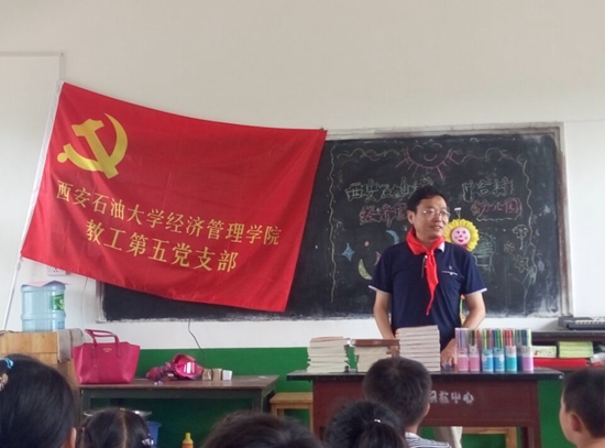 2016年7月10日,世界杯官方网站入口2026教工第五党支部赴富平县淡村镇中合村小学进行帮教活动。此次活动主旨是“落实两学一做成果、关怀农村儿童成长”,此次活动主要内容是“五个一”,即上一堂党课,讲一个励志故事,学唱一首革命歌曲,做一次少先队宣誓,捐赠一批学习文体用品。此次活动得到了2026世界杯官方网址公司党委和中合村村委的高度重视,世界杯官方网站入口2026马行天书记和中合村张书记、村委会董主任均全程参与活动。
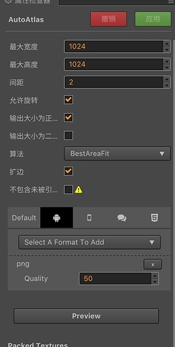版本 2.1.0 android 打包自动图集 整体包不减小
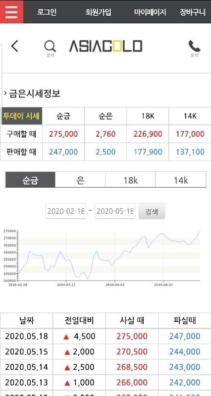 Versi lama 아시아골드 오늘의 금시세 은시세 제공
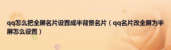 大家好,小生來為大家講解下。qq怎么把全屏名片設置成半背景名片,qq名片改全屏為半屏怎么設置很多人還不知道,現在讓我們一起來看看吧!
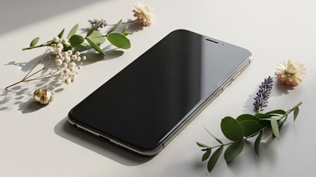 A smartphone rests alongside floral arrangements on a neutral surface. The image showcases a modern device with a reflective black screen. The composition is lit by natural sunlight, casting soft shadows. This setting suggests a lifestyle or product photography scenario that could be used for various commercial projects.
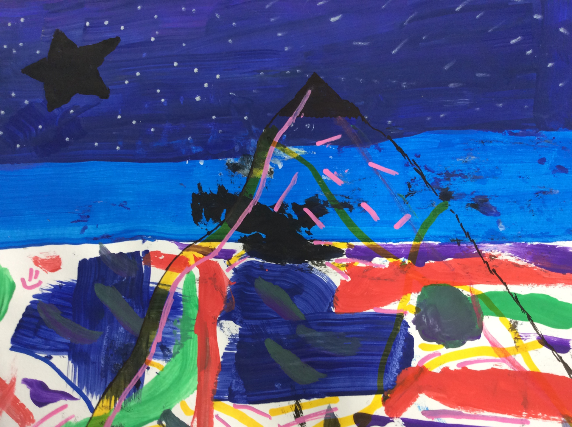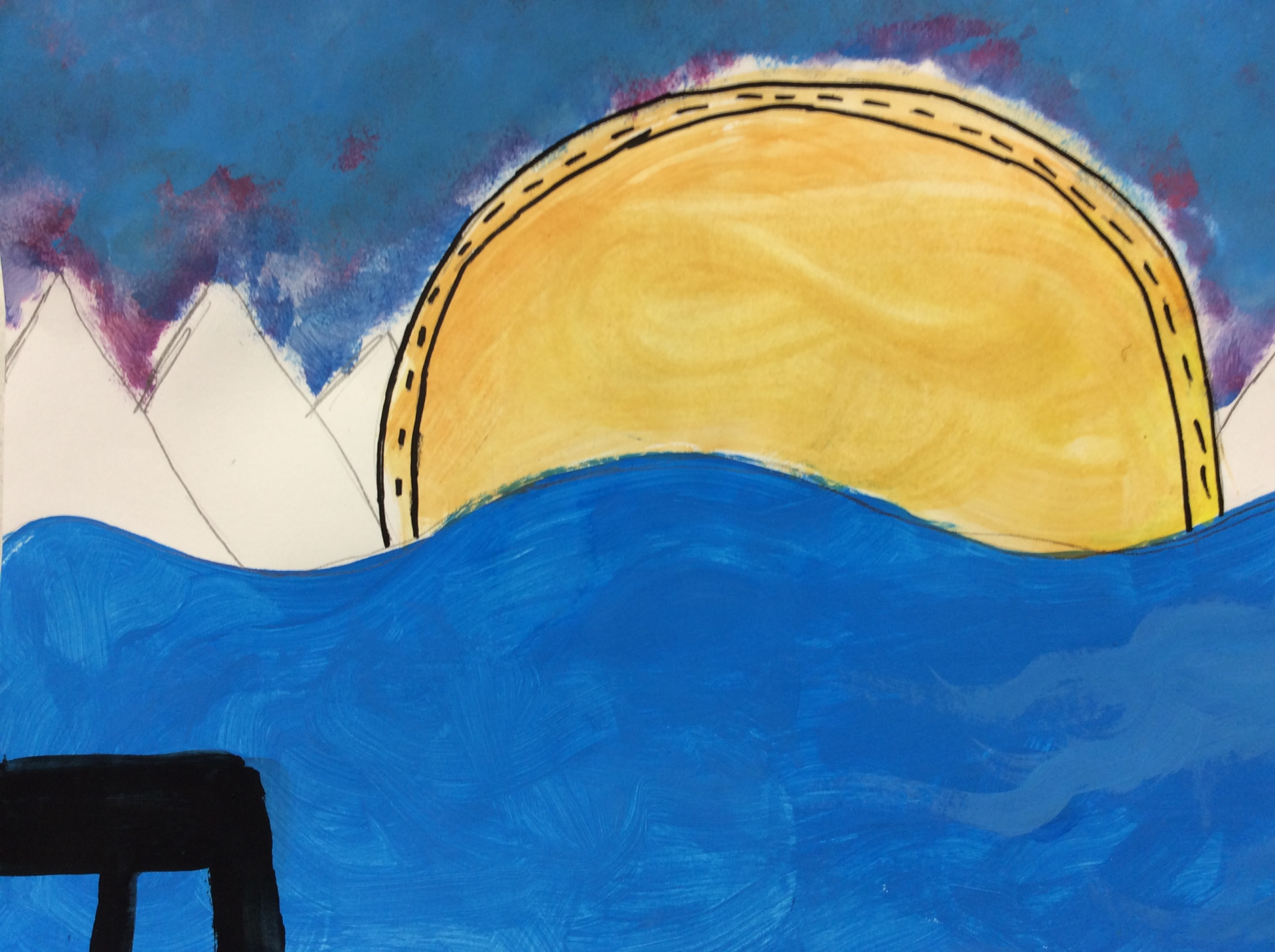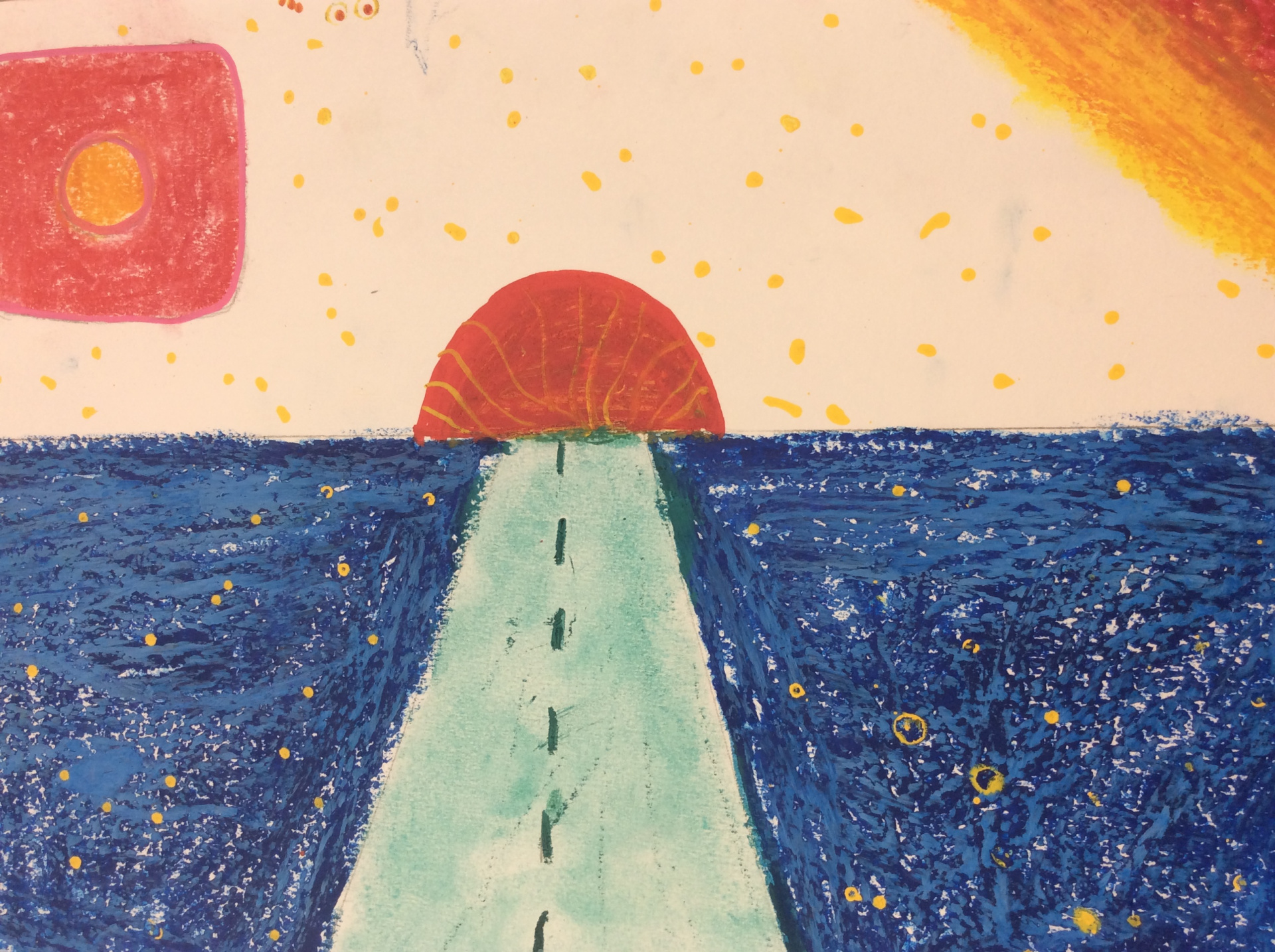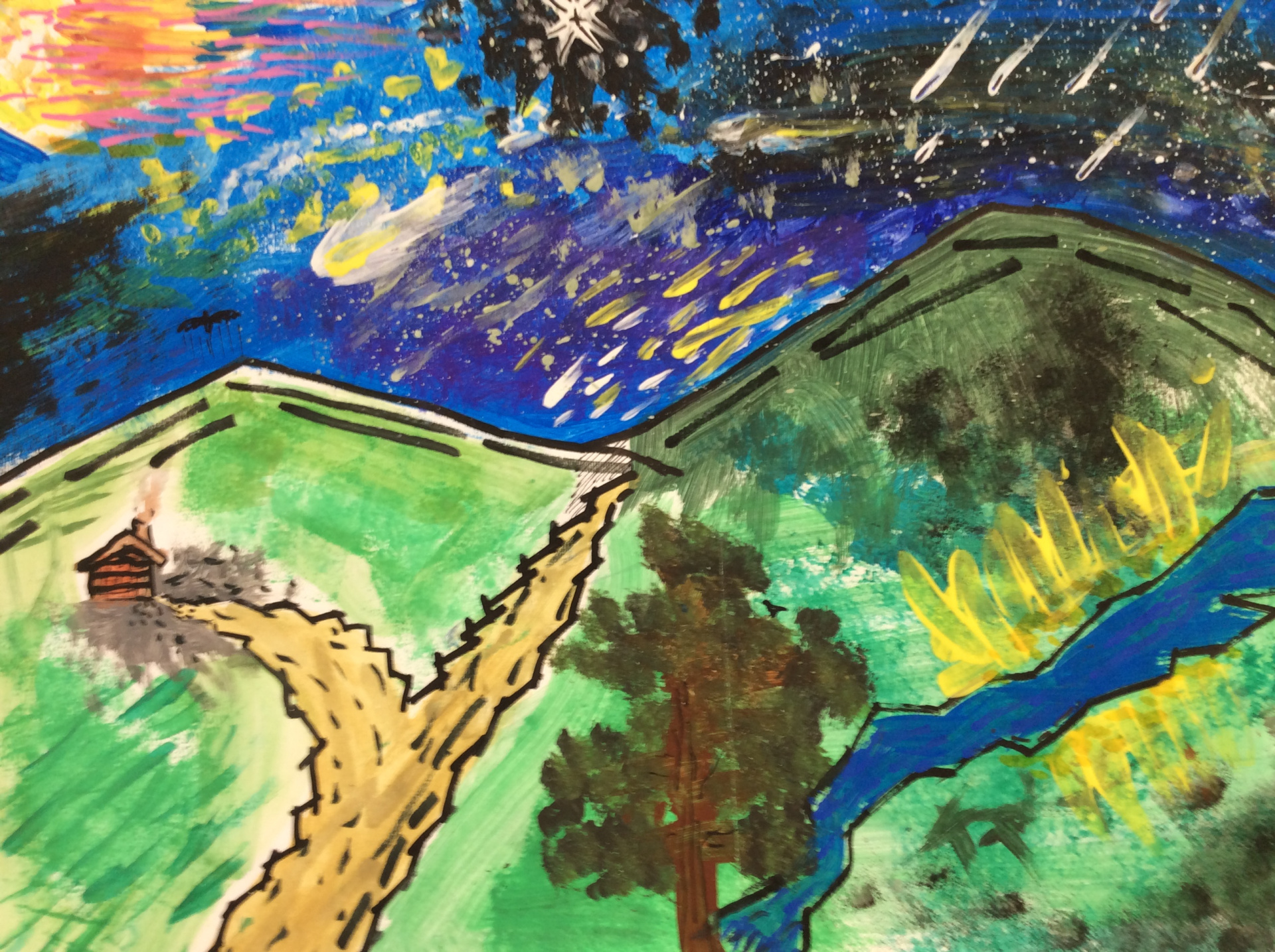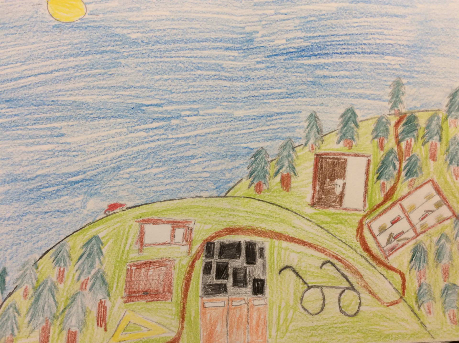 Après un travail de croquis de lignes dans la salle d’arts plastiques, les élèves devaient réaliser une production en s’inspirant de leurs croquis et invitant le spectateur à se promener.

□ □ □

WHAT IS EXPECTED :: Repeat the lines of the records verbatim, starting at the line containing "Versi lama 아시아골드 오늘의 금시세 은시세 제공" and stopping after the final line. Images stay out.

TASK RESULT ::
 Versi lama 아시아골드 오늘의 금시세 은시세 제공
 大家好,小生來為大家講解下。qq怎么把全屏名片設置成半背景名片,qq名片改全屏為半屏怎么設置很多人還不知道,現在讓我們一起來看看吧!
 A smartphone rests alongside floral arrangements on a neutral surface. The image showcases a modern device with a reflective black screen. The composition is lit by natural sunlight, casting soft shadows. This setting suggests a lifestyle or product photography scenario that could be used for various commercial projects.
 Après un travail de croquis de lignes dans la salle d’arts plastiques, les élèves devaient réaliser une production en s’inspirant de leurs croquis et invitant le spectateur à se promener.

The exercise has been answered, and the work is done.